PROBLEM TO WORK ON
Write out, with no changes, every line starting at the one that contains "越後三山と紅葉のパノラマ" and ending at the last line of the data below. Leave pictures out.

EXERCISE DATA
+++

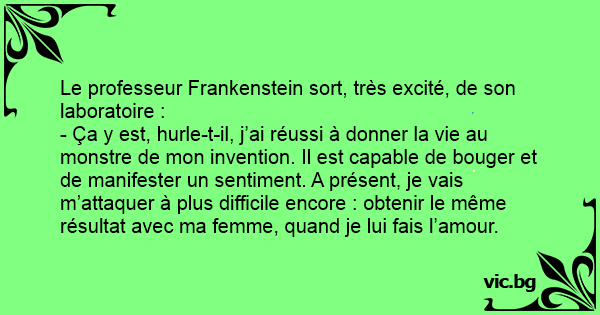 - Ça y est, hurle-t-il, j’ai réussi à donner la vie au monstre de mon invention. Il est capable de bouger et de manifester un sentiment. A présent, je vais m’attaquer à plus difficile encore : obtenir le même résultat avec ma femme, quand je lui fais l’amour.
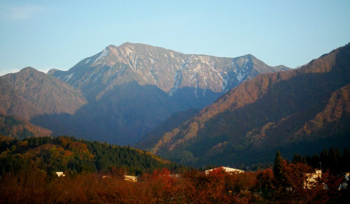 越後三山と紅葉のパノラマ
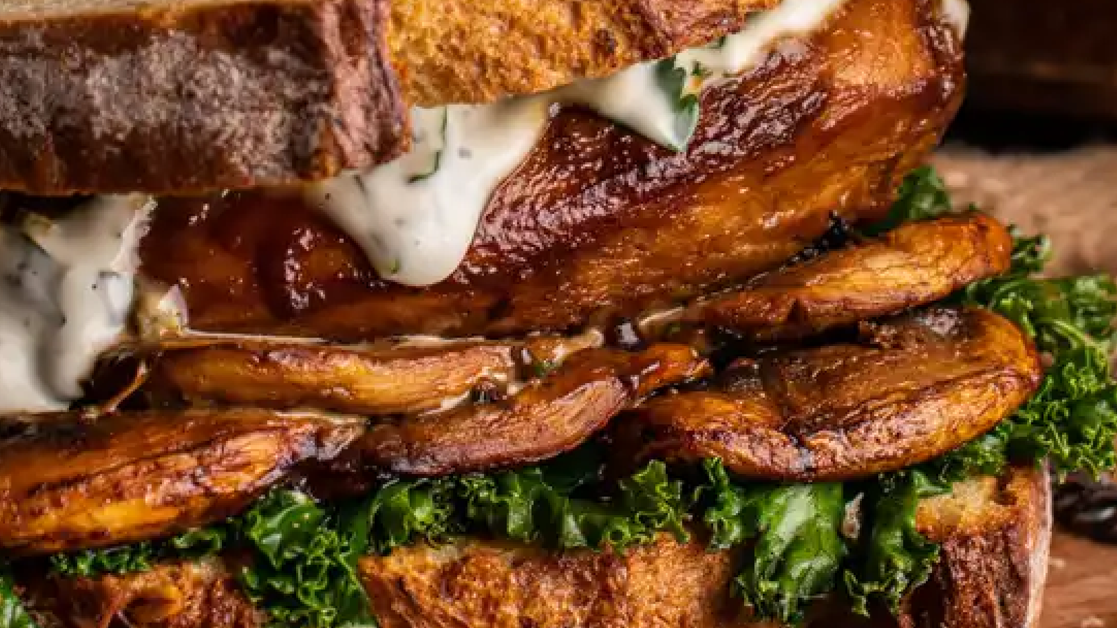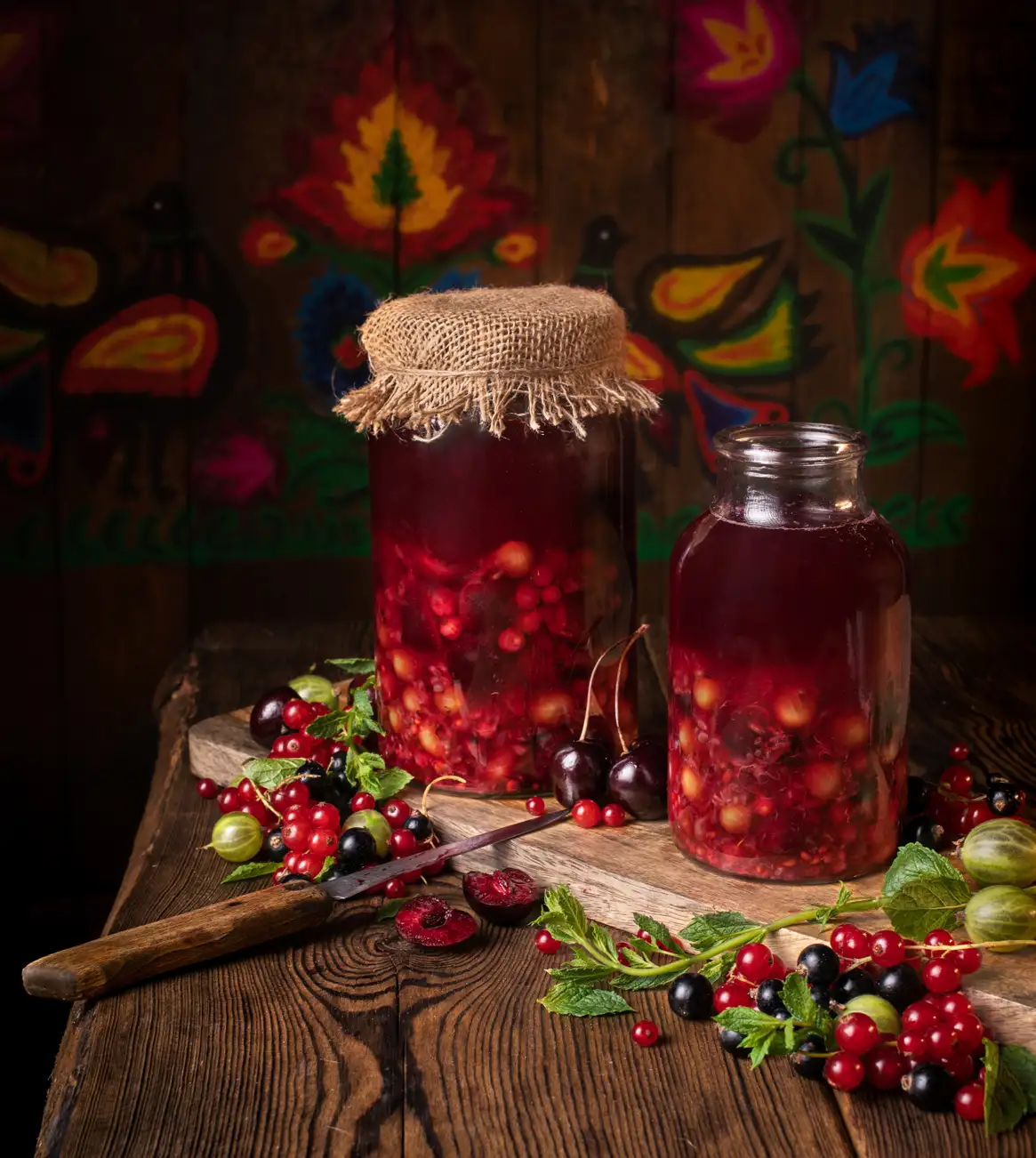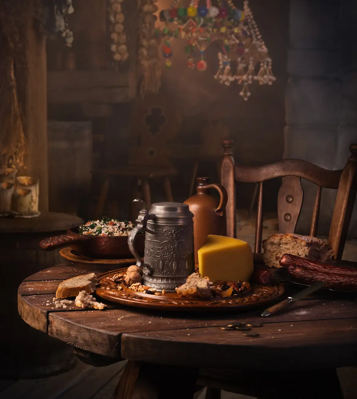 В наличии брусничный сок и таинственный напиток на тарелке, что стоит рядом с куском сыра, а на фоне можно заметить ковш, который чем-то наполнен до краёв. Получивший удар ножом бургер тоже есть.

+++

EXERCISE OUTPUT
 越後三山と紅葉のパノラマ
 В наличии брусничный сок и таинственный напиток на тарелке, что стоит рядом с куском сыра, а на фоне можно заметить ковш, который чем-то наполнен до краёв. Получивший удар ножом бургер тоже есть.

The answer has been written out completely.